Your answer must restate each entry below word for word, with no pictures in it.

[Source material]

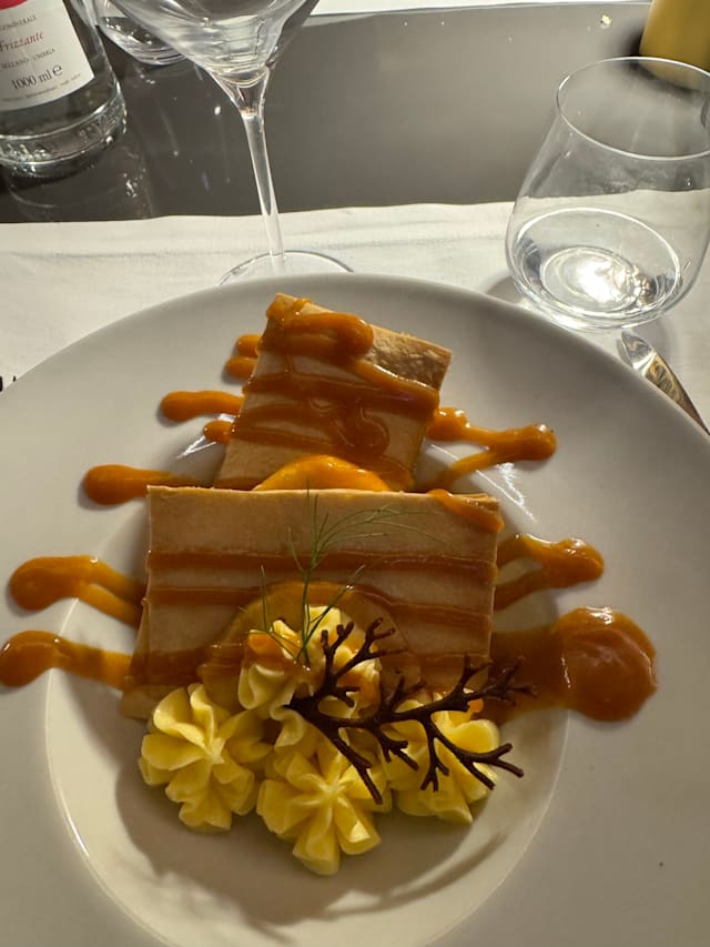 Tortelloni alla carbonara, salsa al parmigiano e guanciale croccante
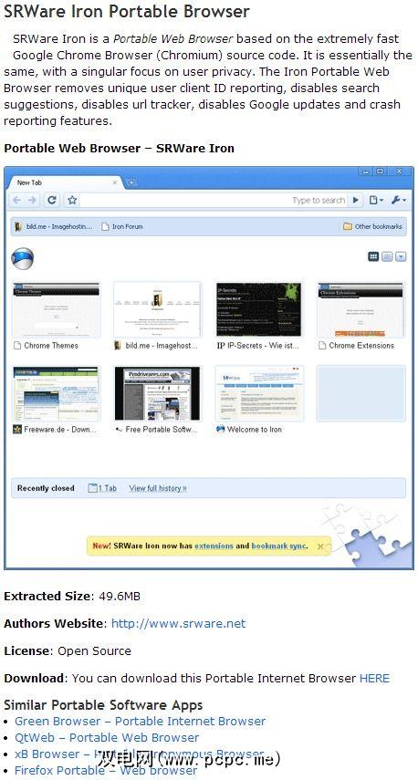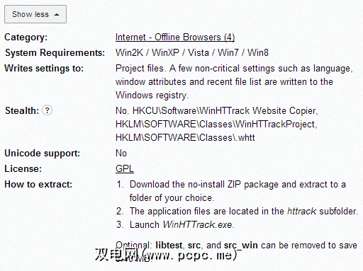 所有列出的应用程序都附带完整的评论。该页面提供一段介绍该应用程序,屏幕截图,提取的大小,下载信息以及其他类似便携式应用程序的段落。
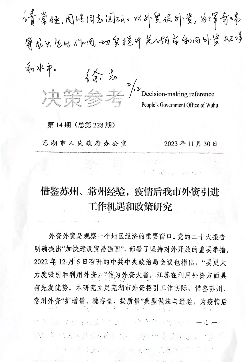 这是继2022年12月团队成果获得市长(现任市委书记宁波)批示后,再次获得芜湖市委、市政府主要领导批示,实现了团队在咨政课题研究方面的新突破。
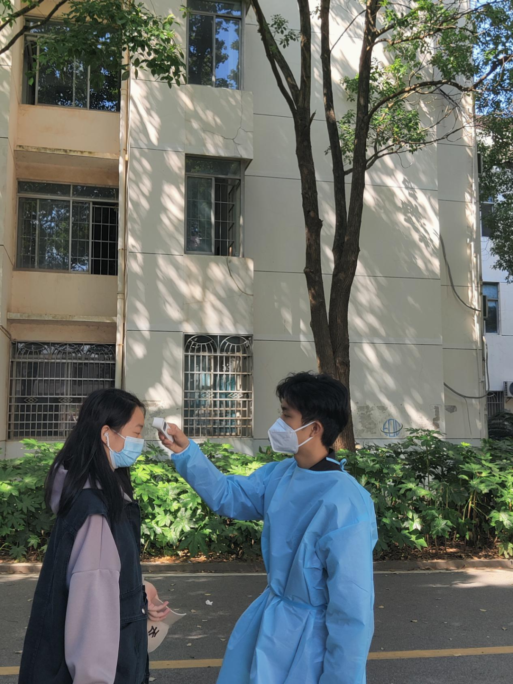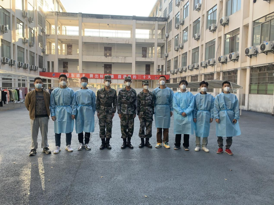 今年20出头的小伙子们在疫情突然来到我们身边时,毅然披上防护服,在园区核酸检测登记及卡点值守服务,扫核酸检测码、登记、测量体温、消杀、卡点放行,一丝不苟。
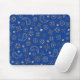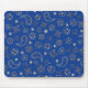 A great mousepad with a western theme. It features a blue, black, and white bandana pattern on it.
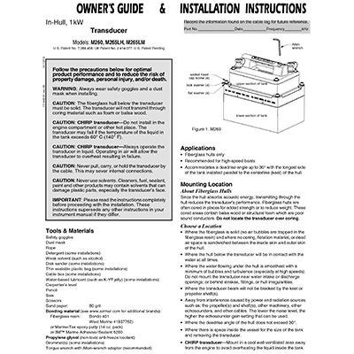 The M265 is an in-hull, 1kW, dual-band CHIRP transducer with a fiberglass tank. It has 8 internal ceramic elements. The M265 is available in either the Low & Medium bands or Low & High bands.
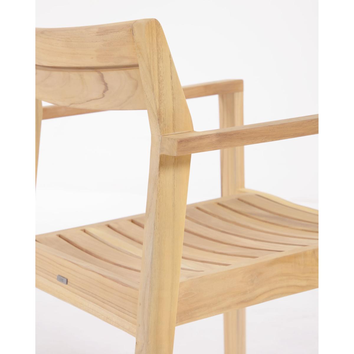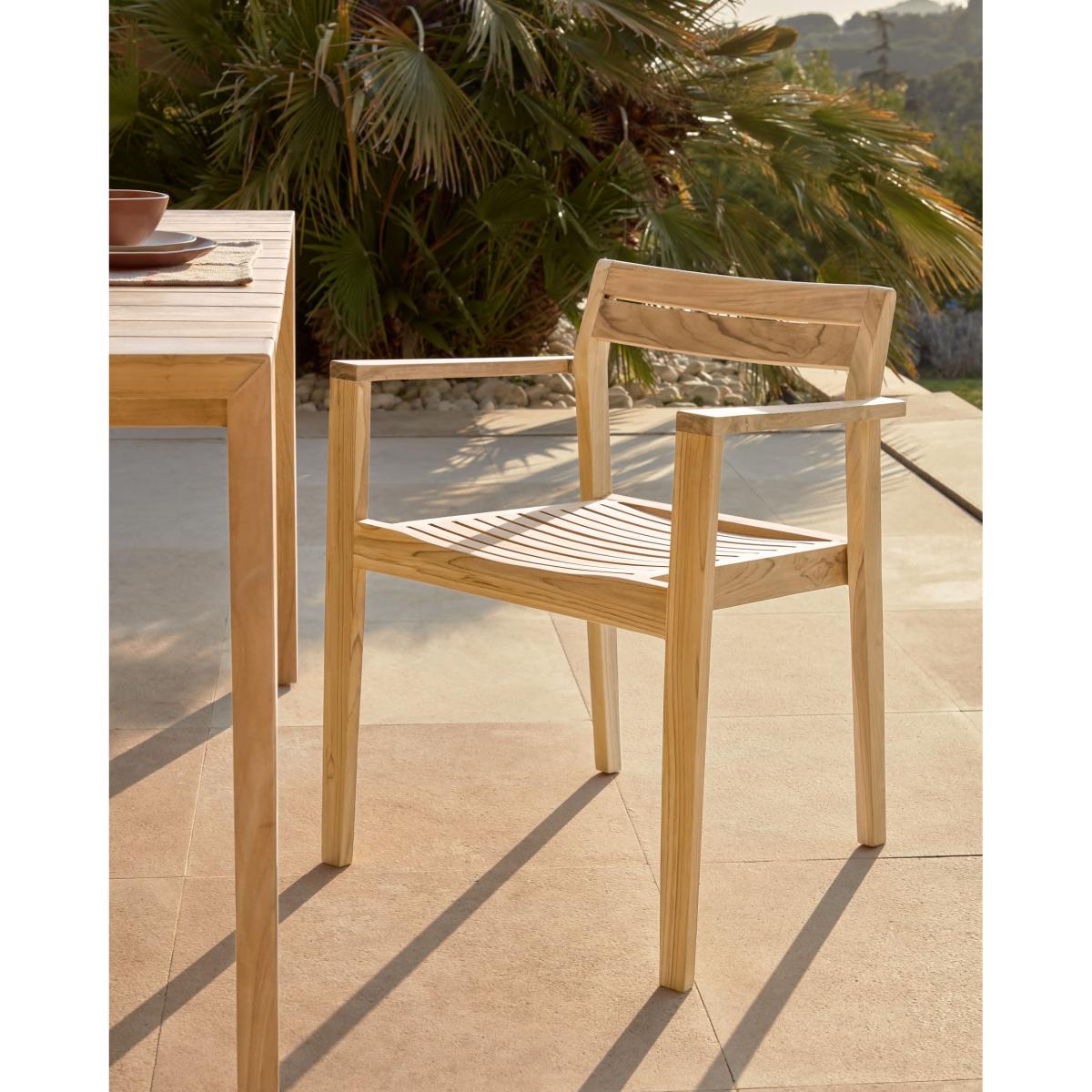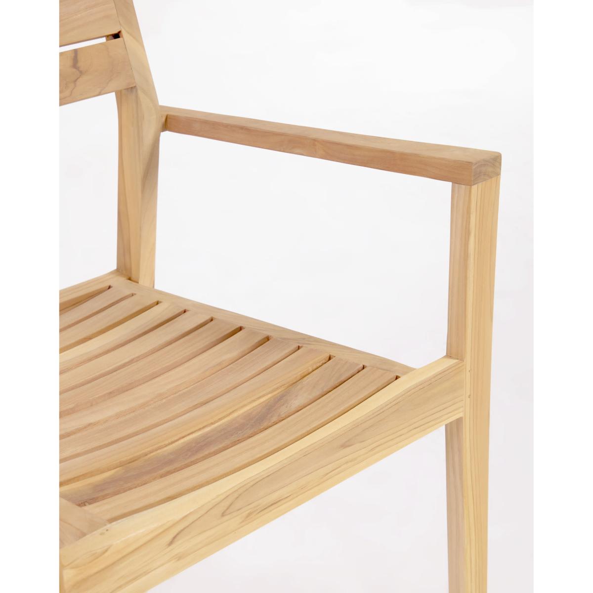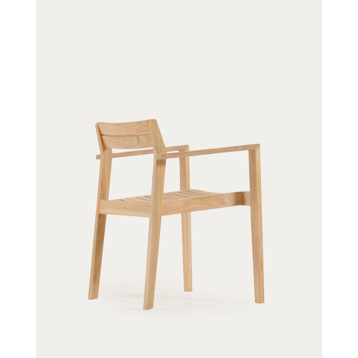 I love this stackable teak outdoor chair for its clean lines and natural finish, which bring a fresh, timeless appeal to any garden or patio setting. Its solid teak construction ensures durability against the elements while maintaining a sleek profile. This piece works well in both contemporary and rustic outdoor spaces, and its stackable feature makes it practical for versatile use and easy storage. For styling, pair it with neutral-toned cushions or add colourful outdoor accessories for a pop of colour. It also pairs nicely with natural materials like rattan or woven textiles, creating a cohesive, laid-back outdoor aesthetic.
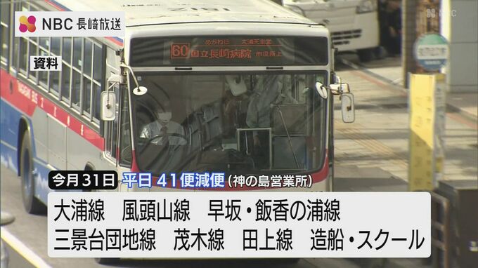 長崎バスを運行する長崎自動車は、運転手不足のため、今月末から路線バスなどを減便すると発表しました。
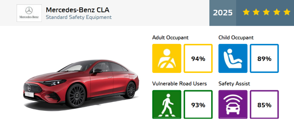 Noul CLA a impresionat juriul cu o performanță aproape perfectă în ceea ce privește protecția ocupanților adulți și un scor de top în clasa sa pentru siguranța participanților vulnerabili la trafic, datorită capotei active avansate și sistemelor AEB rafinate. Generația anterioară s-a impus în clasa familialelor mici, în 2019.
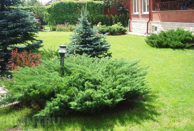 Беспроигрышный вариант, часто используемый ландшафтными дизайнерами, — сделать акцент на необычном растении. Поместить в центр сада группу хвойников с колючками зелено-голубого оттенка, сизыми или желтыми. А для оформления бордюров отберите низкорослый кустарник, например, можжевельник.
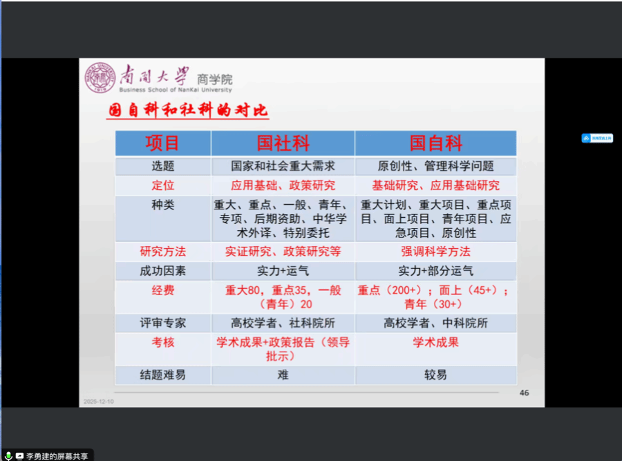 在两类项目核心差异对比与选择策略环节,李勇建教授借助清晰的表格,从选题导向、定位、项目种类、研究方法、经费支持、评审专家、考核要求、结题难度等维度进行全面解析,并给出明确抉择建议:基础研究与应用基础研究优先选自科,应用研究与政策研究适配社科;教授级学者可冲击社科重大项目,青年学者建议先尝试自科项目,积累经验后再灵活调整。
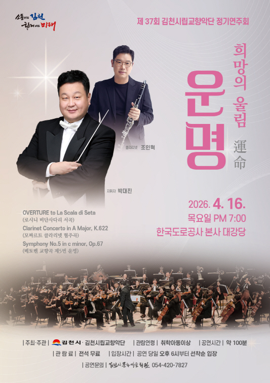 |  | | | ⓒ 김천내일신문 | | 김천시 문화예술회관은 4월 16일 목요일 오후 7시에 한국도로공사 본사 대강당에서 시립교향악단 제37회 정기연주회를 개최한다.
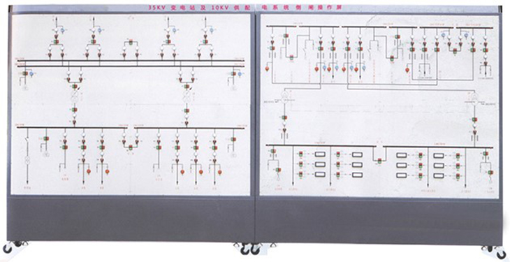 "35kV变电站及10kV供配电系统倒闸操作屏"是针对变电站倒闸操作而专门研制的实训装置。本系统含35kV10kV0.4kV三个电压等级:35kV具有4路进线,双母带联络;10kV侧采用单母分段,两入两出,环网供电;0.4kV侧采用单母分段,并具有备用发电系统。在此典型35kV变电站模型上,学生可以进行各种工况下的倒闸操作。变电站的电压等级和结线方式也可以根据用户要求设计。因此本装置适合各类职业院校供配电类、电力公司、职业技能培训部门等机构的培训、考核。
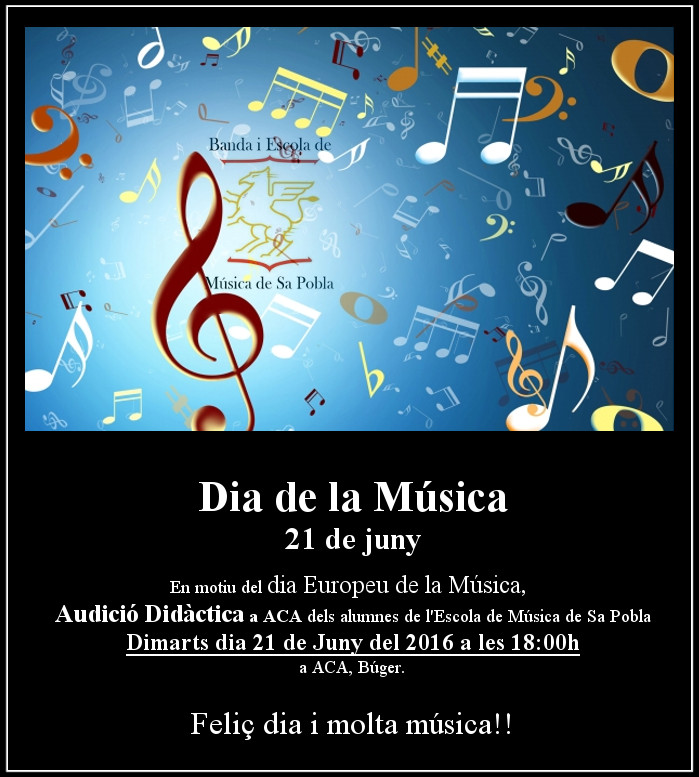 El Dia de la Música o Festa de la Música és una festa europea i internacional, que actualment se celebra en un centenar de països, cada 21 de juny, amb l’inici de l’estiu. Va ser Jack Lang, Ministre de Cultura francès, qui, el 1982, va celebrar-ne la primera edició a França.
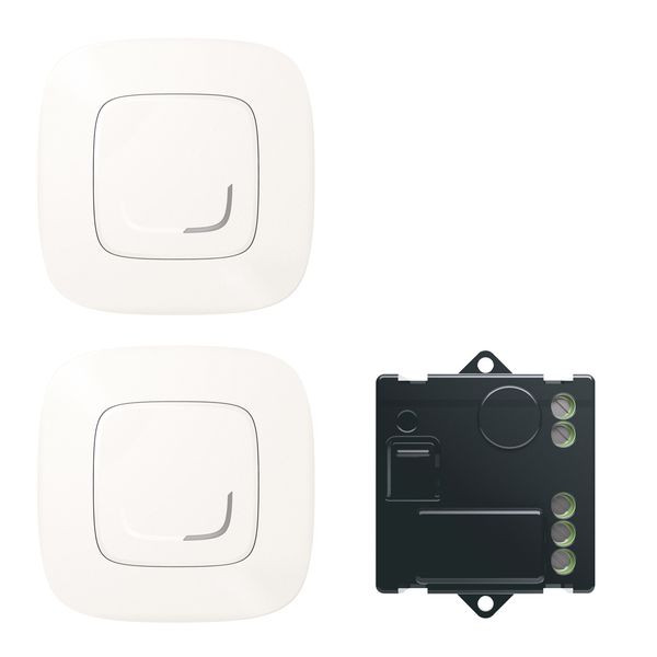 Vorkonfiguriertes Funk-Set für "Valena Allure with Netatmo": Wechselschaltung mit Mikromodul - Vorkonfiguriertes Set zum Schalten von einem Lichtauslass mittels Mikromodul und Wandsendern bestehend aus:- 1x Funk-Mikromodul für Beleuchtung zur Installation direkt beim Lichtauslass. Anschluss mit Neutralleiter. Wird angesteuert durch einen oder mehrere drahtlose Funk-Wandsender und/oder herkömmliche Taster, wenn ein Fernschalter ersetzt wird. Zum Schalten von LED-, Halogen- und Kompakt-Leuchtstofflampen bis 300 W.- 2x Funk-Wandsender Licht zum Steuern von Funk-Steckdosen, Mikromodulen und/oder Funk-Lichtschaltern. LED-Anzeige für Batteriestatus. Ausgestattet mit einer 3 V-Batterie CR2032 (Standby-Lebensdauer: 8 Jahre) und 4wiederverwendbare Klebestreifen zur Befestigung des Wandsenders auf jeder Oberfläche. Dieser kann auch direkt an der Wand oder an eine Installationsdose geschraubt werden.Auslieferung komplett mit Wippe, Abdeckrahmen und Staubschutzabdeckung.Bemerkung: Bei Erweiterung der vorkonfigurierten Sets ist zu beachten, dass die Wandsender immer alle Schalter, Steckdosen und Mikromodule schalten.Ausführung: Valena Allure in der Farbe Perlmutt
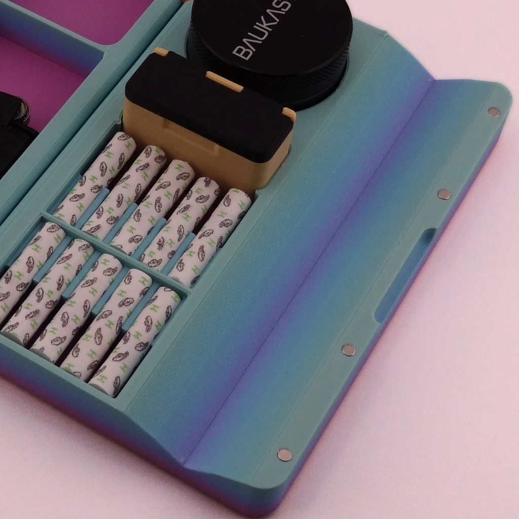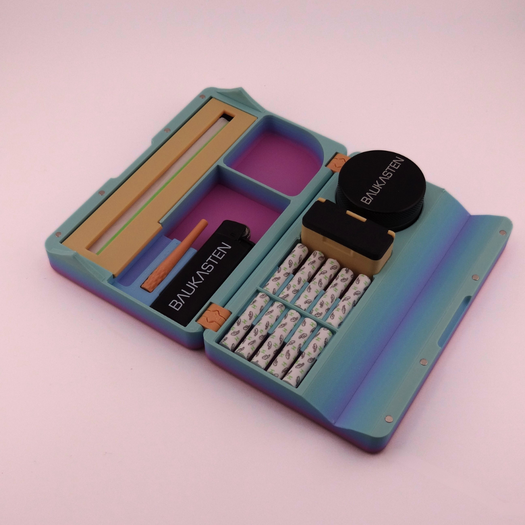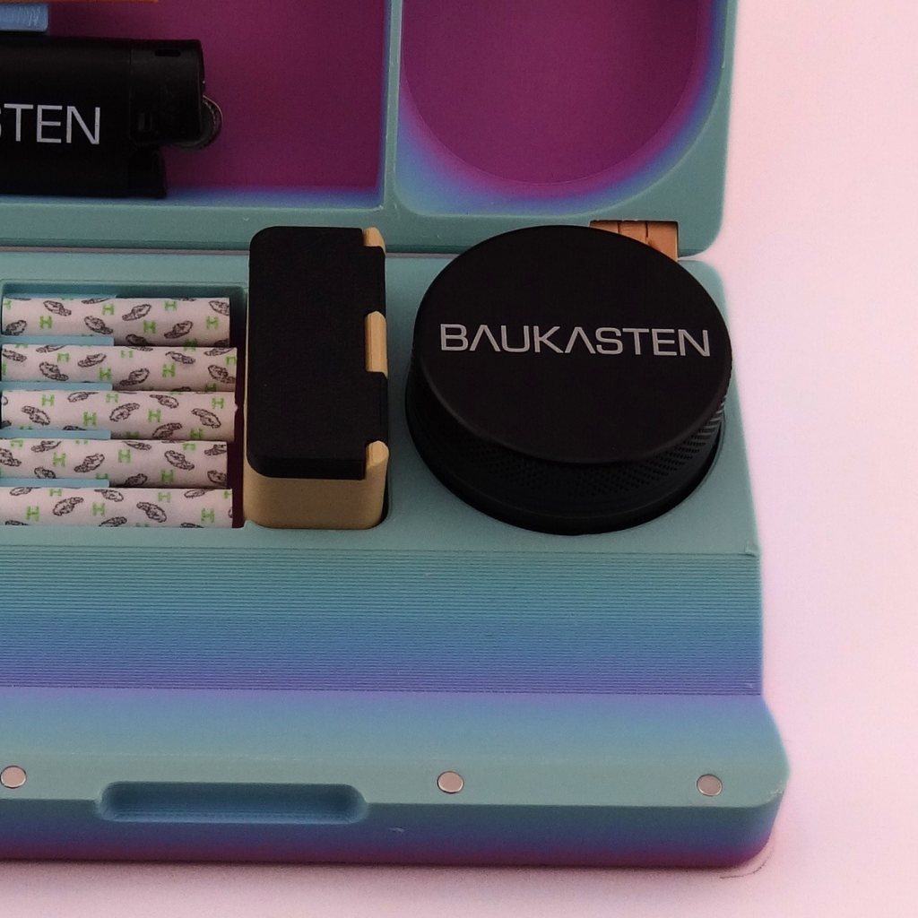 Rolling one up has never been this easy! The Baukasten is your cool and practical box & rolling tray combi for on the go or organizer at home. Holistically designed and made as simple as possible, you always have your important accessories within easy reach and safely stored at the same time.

[/Source material]

Solution for this exercise
 Tortelloni alla carbonara, salsa al parmigiano e guanciale croccante
 所有列出的应用程序都附带完整的评论。该页面提供一段介绍该应用程序,屏幕截图,提取的大小,下载信息以及其他类似便携式应用程序的段落。
 这是继2022年12月团队成果获得市长(现任市委书记宁波)批示后,再次获得芜湖市委、市政府主要领导批示,实现了团队在咨政课题研究方面的新突破。
 今年20出头的小伙子们在疫情突然来到我们身边时,毅然披上防护服,在园区核酸检测登记及卡点值守服务,扫核酸检测码、登记、测量体温、消杀、卡点放行,一丝不苟。
 A great mousepad with a western theme. It features a blue, black, and white bandana pattern on it.
 The M265 is an in-hull, 1kW, dual-band CHIRP transducer with a fiberglass tank. It has 8 internal ceramic elements. The M265 is available in either the Low & Medium bands or Low & High bands.
 I love this stackable teak outdoor chair for its clean lines and natural finish, which bring a fresh, timeless appeal to any garden or patio setting. Its solid teak construction ensures durability against the elements while maintaining a sleek profile. This piece works well in both contemporary and rustic outdoor spaces, and its stackable feature makes it practical for versatile use and easy storage. For styling, pair it with neutral-toned cushions or add colourful outdoor accessories for a pop of colour. It also pairs nicely with natural materials like rattan or woven textiles, creating a cohesive, laid-back outdoor aesthetic.
 長崎バスを運行する長崎自動車は、運転手不足のため、今月末から路線バスなどを減便すると発表しました。
 Noul CLA a impresionat juriul cu o performanță aproape perfectă în ceea ce privește protecția ocupanților adulți și un scor de top în clasa sa pentru siguranța participanților vulnerabili la trafic, datorită capotei active avansate și sistemelor AEB rafinate. Generația anterioară s-a impus în clasa familialelor mici, în 2019.
 Беспроигрышный вариант, часто используемый ландшафтными дизайнерами, — сделать акцент на необычном растении. Поместить в центр сада группу хвойников с колючками зелено-голубого оттенка, сизыми или желтыми. А для оформления бордюров отберите низкорослый кустарник, например, можжевельник.
 在两类项目核心差异对比与选择策略环节,李勇建教授借助清晰的表格,从选题导向、定位、项目种类、研究方法、经费支持、评审专家、考核要求、结题难度等维度进行全面解析,并给出明确抉择建议:基础研究与应用基础研究优先选自科,应用研究与政策研究适配社科;教授级学者可冲击社科重大项目,青年学者建议先尝试自科项目,积累经验后再灵活调整。
 |  | | | ⓒ 김천내일신문 | | 김천시 문화예술회관은 4월 16일 목요일 오후 7시에 한국도로공사 본사 대강당에서 시립교향악단 제37회 정기연주회를 개최한다.
 "35kV变电站及10kV供配电系统倒闸操作屏"是针对变电站倒闸操作而专门研制的实训装置。本系统含35kV10kV0.4kV三个电压等级:35kV具有4路进线,双母带联络;10kV侧采用单母分段,两入两出,环网供电;0.4kV侧采用单母分段,并具有备用发电系统。在此典型35kV变电站模型上,学生可以进行各种工况下的倒闸操作。变电站的电压等级和结线方式也可以根据用户要求设计。因此本装置适合各类职业院校供配电类、电力公司、职业技能培训部门等机构的培训、考核。
 El Dia de la Música o Festa de la Música és una festa europea i internacional, que actualment se celebra en un centenar de països, cada 21 de juny, amb l’inici de l’estiu. Va ser Jack Lang, Ministre de Cultura francès, qui, el 1982, va celebrar-ne la primera edició a França.
 Vorkonfiguriertes Funk-Set für "Valena Allure with Netatmo": Wechselschaltung mit Mikromodul - Vorkonfiguriertes Set zum Schalten von einem Lichtauslass mittels Mikromodul und Wandsendern bestehend aus:- 1x Funk-Mikromodul für Beleuchtung zur Installation direkt beim Lichtauslass. Anschluss mit Neutralleiter. Wird angesteuert durch einen oder mehrere drahtlose Funk-Wandsender und/oder herkömmliche Taster, wenn ein Fernschalter ersetzt wird. Zum Schalten von LED-, Halogen- und Kompakt-Leuchtstofflampen bis 300 W.- 2x Funk-Wandsender Licht zum Steuern von Funk-Steckdosen, Mikromodulen und/oder Funk-Lichtschaltern. LED-Anzeige für Batteriestatus. Ausgestattet mit einer 3 V-Batterie CR2032 (Standby-Lebensdauer: 8 Jahre) und 4wiederverwendbare Klebestreifen zur Befestigung des Wandsenders auf jeder Oberfläche. Dieser kann auch direkt an der Wand oder an eine Installationsdose geschraubt werden.Auslieferung komplett mit Wippe, Abdeckrahmen und Staubschutzabdeckung.Bemerkung: Bei Erweiterung der vorkonfigurierten Sets ist zu beachten, dass die Wandsender immer alle Schalter, Steckdosen und Mikromodule schalten.Ausführung: Valena Allure in der Farbe Perlmutt
 Rolling one up has never been this easy! The Baukasten is your cool and practical box & rolling tray combi for on the go or organizer at home. Holistically designed and made as simple as possible, you always have your important accessories within easy reach and safely stored at the same time.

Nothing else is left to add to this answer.